In some cases, however, families may question their loved one’s designation and at that point, state laws must be followed so that neither LifeCenter Northwest nor your hospital can be held legally responsible for not honoring the patient’s designated wishes.
Below are some of the relevant regulations, but contact our Hospital Development team if you want more information on the legal issues surrounding donation. In general, we have found that in many cases when families question their loved one’s wishes, they just needed better timing or more information. For example:
- Donation was raised too early with the family. Giving the family time will usually help them understand.

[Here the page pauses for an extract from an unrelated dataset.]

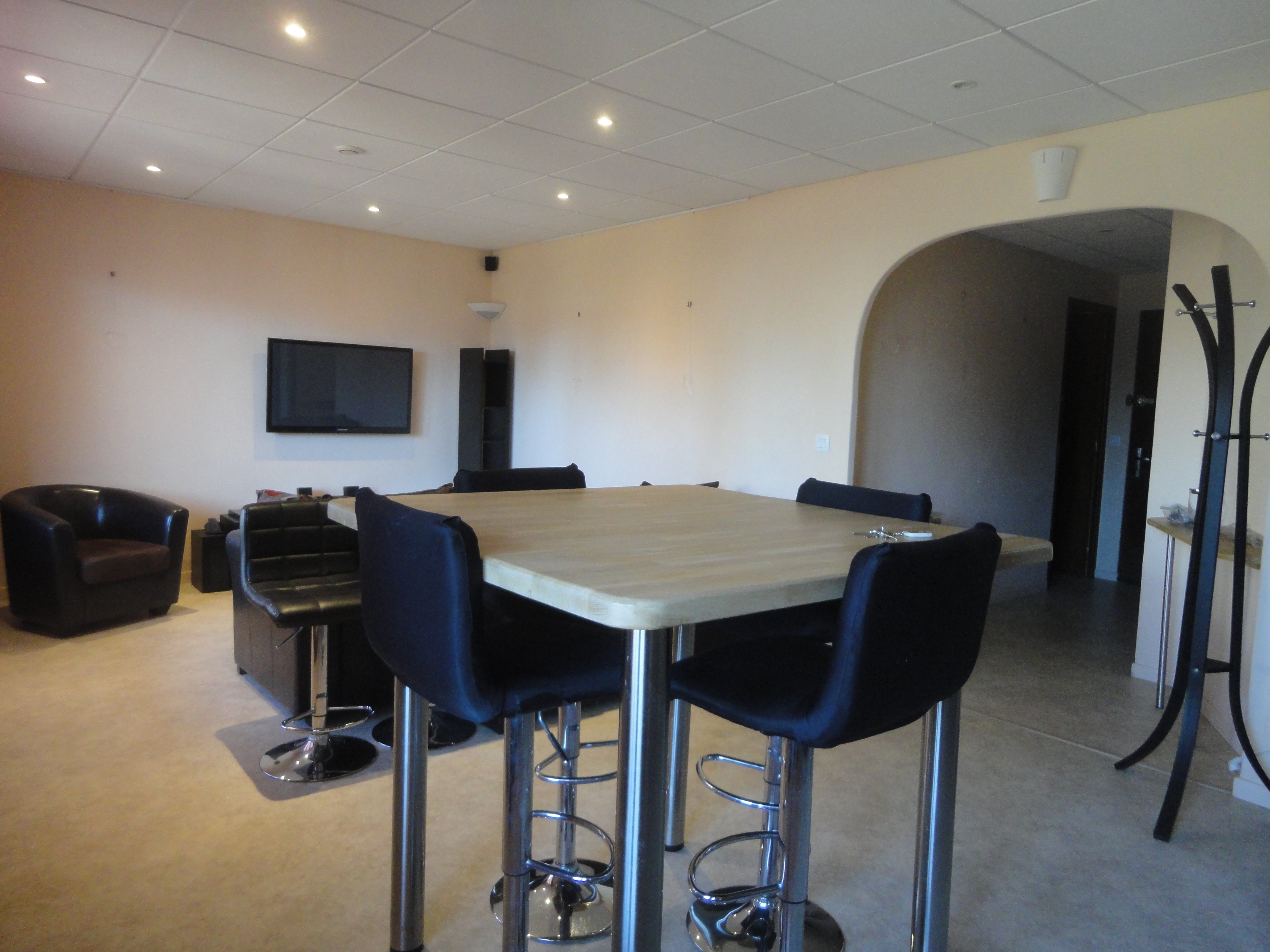 Un séjour avec convertible, fauteuil et TV murale.

- Someone has set an expectation with the family that authorizing donation is a decision they need to make. Avoid language that indicates they have a decision to make.
- Families may have misconceptions about donation. Be thorough and respectful in addressing the family’s concerns.
- Family is surprised that their loved one didn’t tell them. Help the family understand that it is not unusual for individuals to not discuss death with their family.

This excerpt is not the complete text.